Non-metric similarity 2024-12-18 - NISHIO Hirokazu's Scrapbox (Auto-translated from Japanese)

When a number of detailed topics are extracted and pages are compared to each other based on their combination, a "semantically satisfactory" connection can be defined more robustly. An attempt to measure semantic closeness at a higher level than mere overlap.

Improve accuracy by combining compound keywords and concepts:

By introducing a compound condition such as "X+Y," a narrower but semantically distinct context can be defined, and page-to-page links within that context can be emphasized.

These are all important points to consider when dealing with complex semantic spaces that do not fit into a mere similarity/dissimilarity dichotomy. Your thinking has evolved from simple similarity measures to representations in latent dimensions and linking strategies with complex conditioning, and such a multifaceted approach would be very useful in actual knowledge discovery and information seeking tasks.

---

I like the key phrase "semantically satisfactory connection."

---

o1 Pro.iconTo organize 10,000 short sentences instead of "distance space," the following approach is possible.

Conceptual organization by topic model (e.g., LDA):

It represents text in terms of latent topic distribution (probability distribution) rather than distance. An interpretable form of "which topics and how many topics are included" is obtained for each document, and documents can be understood by topic similarity and relevance without dropping into the distance space.

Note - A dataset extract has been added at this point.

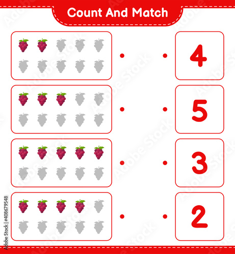 Count and match, count the number of Grape and match with right numbers. Educational children game, printable worksheet, vector illustration

[Hierarchical Structuring by Feature Set and Concept Lattice (Formal Concept Analysis):

Each short document is considered as a set of features (vocabulary, labels, tags, etc.) and a concept lattice is constructed. This is a hierarchical organization based on "inclusions" rather than distances, allowing visualization and understanding of relationships between documents in a non-distal form.

Network representation (co-occurrence graph):

Co-occurrence relationships of words and phrases in short sentences are represented as a network (graph). Documents are understood as part of the link structure between nodes, and topical cohesion can be visualized and analyzed independently of distance, e.g., by Community Detection.

nishio.icon

If you simply use word, ha and so on co-occur all the time. Therefore, high frequency word is used as stopword.

On the other hand, low-frequency words may be useful in reality, but are not connected due to notational distortion.

Need a system for selecting keywords with appropriate granularity

Classification by rule-based tagging:

Specific keywords or patterns are extracted from the text and categorized based on rules and dictionaries. This is a method of organizing based not on "distance proximity" but on the axis of "Which category condition does this sentence satisfy?

These methods do not assume distance calculations, but allow us to organize and understand 10,000 short texts on different axes, such as probability distributions, hierarchical structures, network relations, rules and conceptual attributes.

This means "choose the one with overlap > 0".

the difference between looking from the top or from the middle.

relevance

dwell-think

---

This page is auto-translated from /nishio/非計量類似度2024-12-18 using DeepL. If you looks something interesting but the auto-translated English is not good enough to understand it, feel free to let me know at @nishio_en. I'm very happy to spread my thought to non-Japanese readers.